* **AVAILABLE RECORDS**:
^^^^^^^^
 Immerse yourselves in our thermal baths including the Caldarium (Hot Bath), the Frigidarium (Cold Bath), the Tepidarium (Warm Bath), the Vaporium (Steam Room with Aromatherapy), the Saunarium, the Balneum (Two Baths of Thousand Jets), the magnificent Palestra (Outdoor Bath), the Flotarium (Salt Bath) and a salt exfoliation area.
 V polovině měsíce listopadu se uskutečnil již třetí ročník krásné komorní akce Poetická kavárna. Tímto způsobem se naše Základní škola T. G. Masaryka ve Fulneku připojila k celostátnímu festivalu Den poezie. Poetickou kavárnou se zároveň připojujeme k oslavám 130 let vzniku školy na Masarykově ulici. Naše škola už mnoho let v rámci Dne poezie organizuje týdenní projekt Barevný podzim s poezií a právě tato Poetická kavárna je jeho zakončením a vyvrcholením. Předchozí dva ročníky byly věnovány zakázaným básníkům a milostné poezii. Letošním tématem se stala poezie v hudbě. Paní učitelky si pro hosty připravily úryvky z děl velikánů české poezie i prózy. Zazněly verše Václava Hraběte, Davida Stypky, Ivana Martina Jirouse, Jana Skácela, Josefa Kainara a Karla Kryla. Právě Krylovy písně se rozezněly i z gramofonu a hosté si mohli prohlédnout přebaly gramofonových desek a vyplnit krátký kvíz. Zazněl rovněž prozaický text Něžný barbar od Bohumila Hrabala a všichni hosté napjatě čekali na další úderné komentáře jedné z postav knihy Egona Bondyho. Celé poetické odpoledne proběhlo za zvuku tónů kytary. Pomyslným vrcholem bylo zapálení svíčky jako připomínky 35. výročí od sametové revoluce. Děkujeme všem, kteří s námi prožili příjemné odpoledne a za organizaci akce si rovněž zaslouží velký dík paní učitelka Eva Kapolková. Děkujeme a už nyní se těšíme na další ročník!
^^^^^^^^
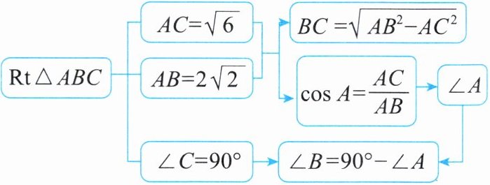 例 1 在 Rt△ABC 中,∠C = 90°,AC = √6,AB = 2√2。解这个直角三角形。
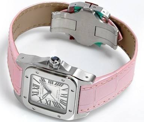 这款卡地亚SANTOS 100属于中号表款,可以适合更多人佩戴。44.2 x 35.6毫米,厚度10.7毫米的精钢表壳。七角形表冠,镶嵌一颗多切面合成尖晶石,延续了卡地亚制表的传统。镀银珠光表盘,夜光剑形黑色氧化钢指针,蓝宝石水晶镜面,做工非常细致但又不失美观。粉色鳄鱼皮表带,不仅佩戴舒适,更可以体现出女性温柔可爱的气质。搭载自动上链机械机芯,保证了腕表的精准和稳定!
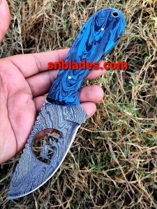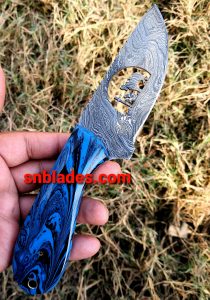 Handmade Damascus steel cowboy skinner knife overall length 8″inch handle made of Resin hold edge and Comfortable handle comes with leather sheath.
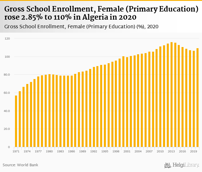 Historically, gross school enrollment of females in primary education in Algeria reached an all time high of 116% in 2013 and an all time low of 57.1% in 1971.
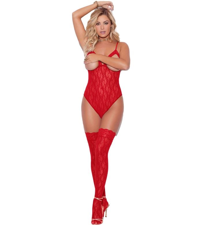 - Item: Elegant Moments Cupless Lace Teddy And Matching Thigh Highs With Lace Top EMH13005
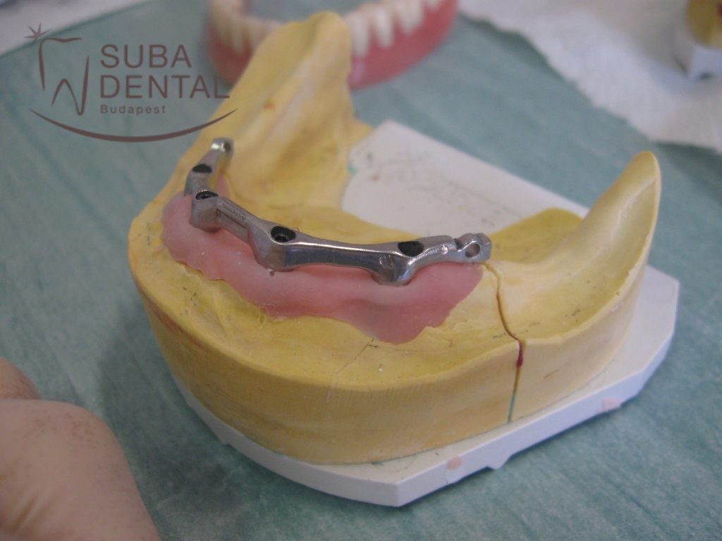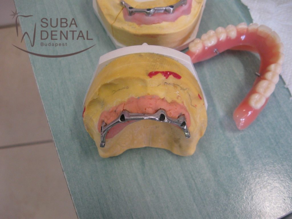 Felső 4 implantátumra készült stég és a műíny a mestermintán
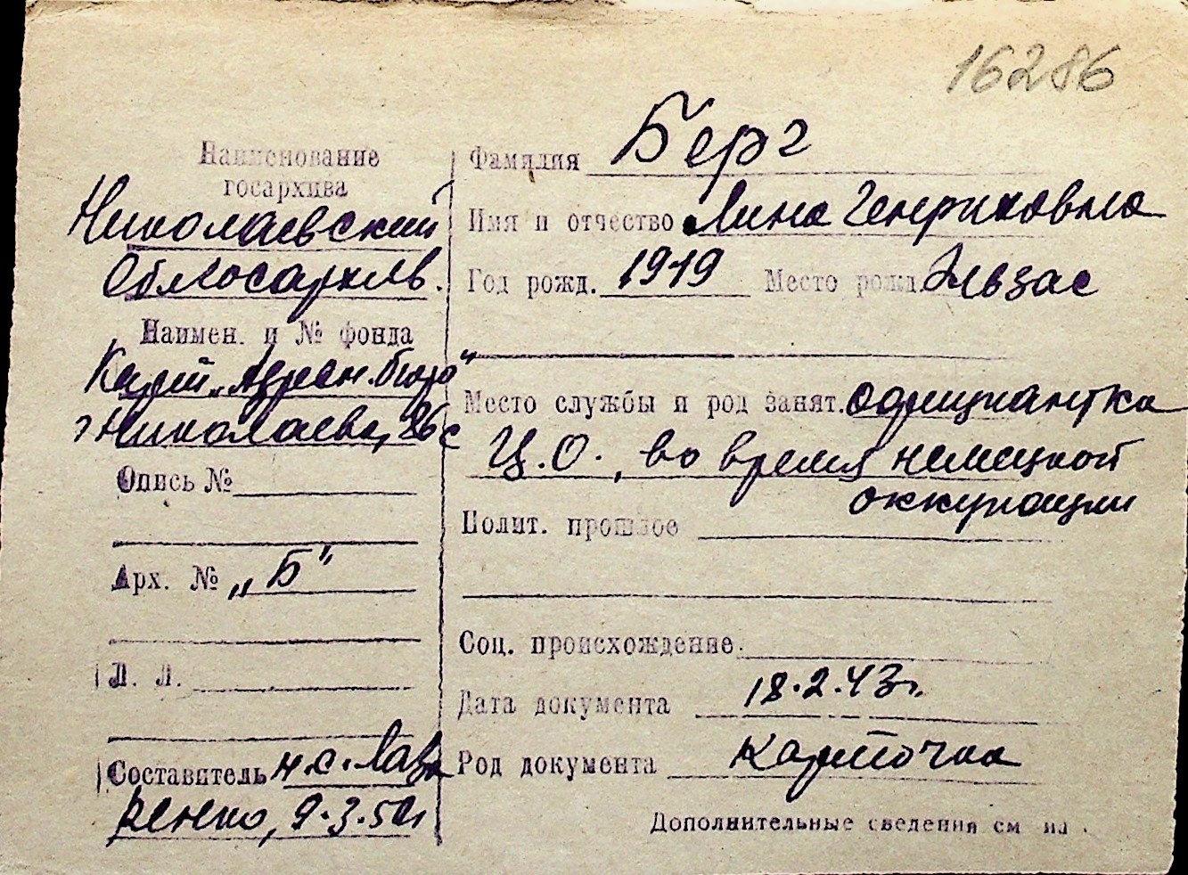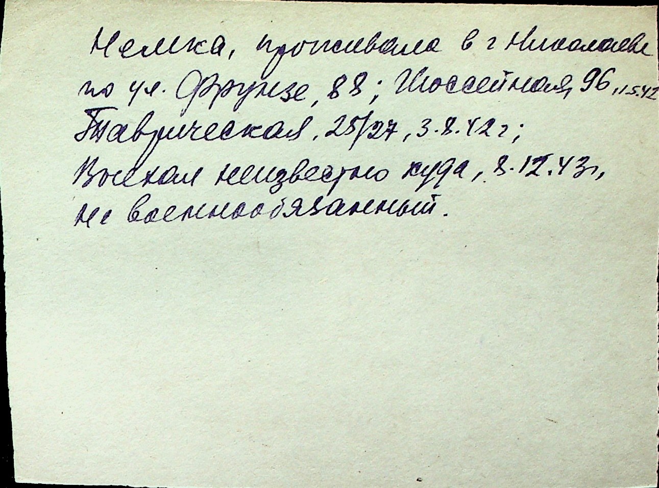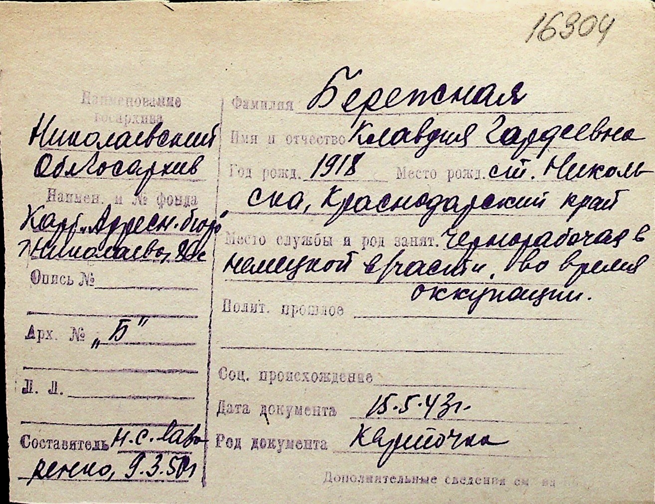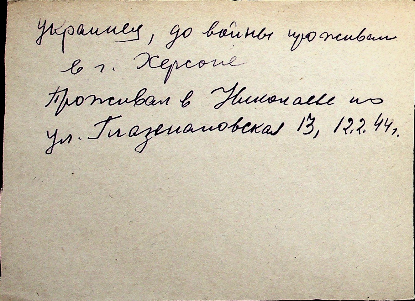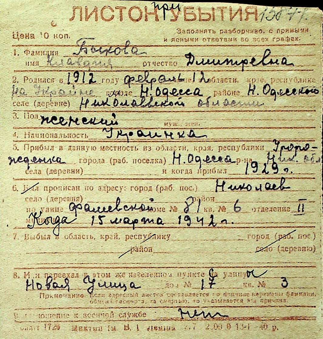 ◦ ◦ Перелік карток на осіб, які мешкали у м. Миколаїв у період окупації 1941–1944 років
^^^^^^^^
* **WORK REQUIRED**: Using the data above, which lines fall from the one with "Historically, gross school" through the one with "Felső 4 implantátumra"? Repeat them exactly, ends included, minus any pictures.

* **ANSWER TO THIS PROBLEM**:
 Historically, gross school enrollment of females in primary education in Algeria reached an all time high of 116% in 2013 and an all time low of 57.1% in 1971.
 - Item: Elegant Moments Cupless Lace Teddy And Matching Thigh Highs With Lace Top EMH13005
 Felső 4 implantátumra készült stég és a műíny a mestermintán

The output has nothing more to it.